# LISTED ENTRIES

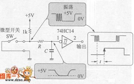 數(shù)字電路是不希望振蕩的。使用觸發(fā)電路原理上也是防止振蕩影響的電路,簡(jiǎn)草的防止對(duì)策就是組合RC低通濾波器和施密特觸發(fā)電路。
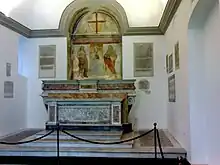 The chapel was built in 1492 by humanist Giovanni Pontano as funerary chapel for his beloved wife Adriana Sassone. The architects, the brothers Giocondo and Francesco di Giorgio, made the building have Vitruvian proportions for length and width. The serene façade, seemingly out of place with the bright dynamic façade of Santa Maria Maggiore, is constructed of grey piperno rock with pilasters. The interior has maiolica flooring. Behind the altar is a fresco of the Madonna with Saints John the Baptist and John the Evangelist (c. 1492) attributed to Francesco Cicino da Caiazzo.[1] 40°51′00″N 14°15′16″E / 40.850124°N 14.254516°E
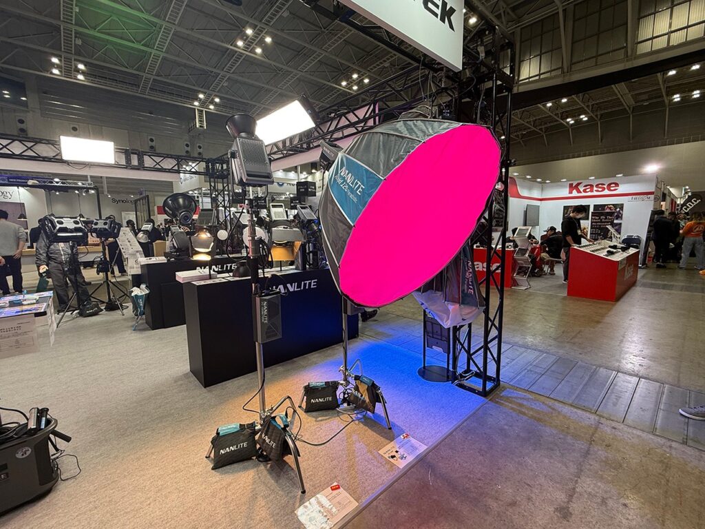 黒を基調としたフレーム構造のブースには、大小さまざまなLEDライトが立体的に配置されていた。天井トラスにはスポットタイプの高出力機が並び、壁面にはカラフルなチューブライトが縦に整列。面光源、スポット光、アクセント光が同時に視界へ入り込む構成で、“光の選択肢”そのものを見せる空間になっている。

...

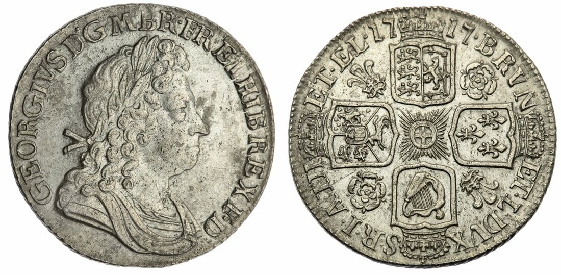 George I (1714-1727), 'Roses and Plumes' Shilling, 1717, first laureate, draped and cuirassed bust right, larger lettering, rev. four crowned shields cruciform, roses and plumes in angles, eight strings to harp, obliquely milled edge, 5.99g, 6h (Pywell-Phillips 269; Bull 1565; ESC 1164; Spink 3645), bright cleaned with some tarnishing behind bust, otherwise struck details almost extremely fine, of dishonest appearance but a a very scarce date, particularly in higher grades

# ABOUT THIS EXERCISE
Above this task is a listing with pictures in it. Retype only the lines from the one containing "數(shù)字電路是不希望振" through the one containing "The chapel was", both included, and not the pictures.

# ANSWER SECTION
 數(shù)字電路是不希望振蕩的。使用觸發(fā)電路原理上也是防止振蕩影響的電路,簡(jiǎn)草的防止對(duì)策就是組合RC低通濾波器和施密特觸發(fā)電路。
 The chapel was built in 1492 by humanist Giovanni Pontano as funerary chapel for his beloved wife Adriana Sassone. The architects, the brothers Giocondo and Francesco di Giorgio, made the building have Vitruvian proportions for length and width. The serene façade, seemingly out of place with the bright dynamic façade of Santa Maria Maggiore, is constructed of grey piperno rock with pilasters. The interior has maiolica flooring. Behind the altar is a fresco of the Madonna with Saints John the Baptist and John the Evangelist (c. 1492) attributed to Francesco Cicino da Caiazzo.[1] 40°51′00″N 14°15′16″E / 40.850124°N 14.254516°E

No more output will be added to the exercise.